My skin looks amazing right now. Half a facelift and facial paralysis and my skin is so smooth. Those deep wrinkles on my forehead and around my eyes are gone. I can understand why so many people have surgery when you can get results like this. My eyebrow is beginning to move again, I guess the lines will come back, but I'm going to enjoy the moment.
Silver linings and all that.
Meanwhile, the recovery continues, and I'm so bored. Seeing friends are markers in how far I've come. I forget how bad things were, how I needed help getting my sippy cup the right way round to drink, living off half a spoonful of mashed potato and a babybel each day, needing help to stand up, etc. Their joy in my improvements help me.
Things are generally getting better. I have hours of physio exercises to do each day and they do work. My eyes are pointing the same way, most of the time. I can stand up and walk a little way by myself. The physio has limited my screen and reading time, which makes sense, but I'm bored. I mainly listen to podcasts and watch magpies fighting pigeons on our roof.

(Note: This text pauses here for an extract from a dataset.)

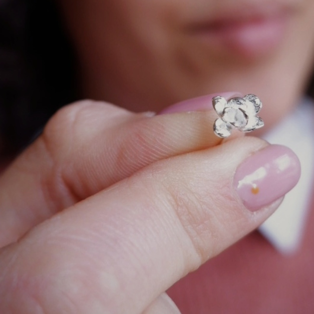 Tutti i gioielli di questa serie sono realizzati con piccoli germogli di piante vere, che, attraverso un segreto di alchimia e la tecnica della micro fusione, diventano pezzi d’argento 925 e Oro 9k. Avendo all’origine una vera piantina, nessun gioiello sarà mai uguale all’altro.

And sleep. I sleep so much.
The headaches started a few weeks ago and have taken my breath away. They are completely debilitating. The pain is something else and paracetamol doesn't usually touch them. I had an MRI recently and collapsed. I had physio and can't tell you how I got home. Other days, I seem fine, chatty as usual, bossing my husband around. But the headaches are crushing. I wonder what cause them. Is it my brain reclaiming the space left after the tumour was removed? Is it the brain juice sloshing about in the hole?
I'm actually quite curious to see what my skull looks like now. Is there a gap waiting for the brain to fill it? What does the titanium mesh look like? Where does it go? How much tumour has been left and where?
I've been left with a permanent ridge along the side of my forehead, close to my temple, and another along my cheekbone. I can feel the tops of screws by the scar on my head. Also there is no feeling on that side of my face and head. I use a hot water bottle when the headaches come and I can't feel the heat from it. Yes, it's weird.
When I'm up to it, I potter about the house, look at the bulbs growing in my planter (so glad I did this last year) and trying to work out what is coming up. So far, I recognise daffs, tulips, and crocuses. But there's other things too and I can't remember what they are. Fun times when they bloom.
I'm frustrated. I want to be doing more, but I can't. I test the boundaries and it knocks me out. I went to a different hospital for physio, walked along a busy road about 50 metres, had physio for an hour, came home and spent four days on the sofa unable to do very much but sleep. Recovery experiences seem to vary so much according to the type of tumour and the operation. Some people go back to work in a couple of months, others have been medically retired. I guess I'm somewhere in the middle of all that.
I've never been great at patience.
But my skin looks great at the moment, though I'll never do Botox.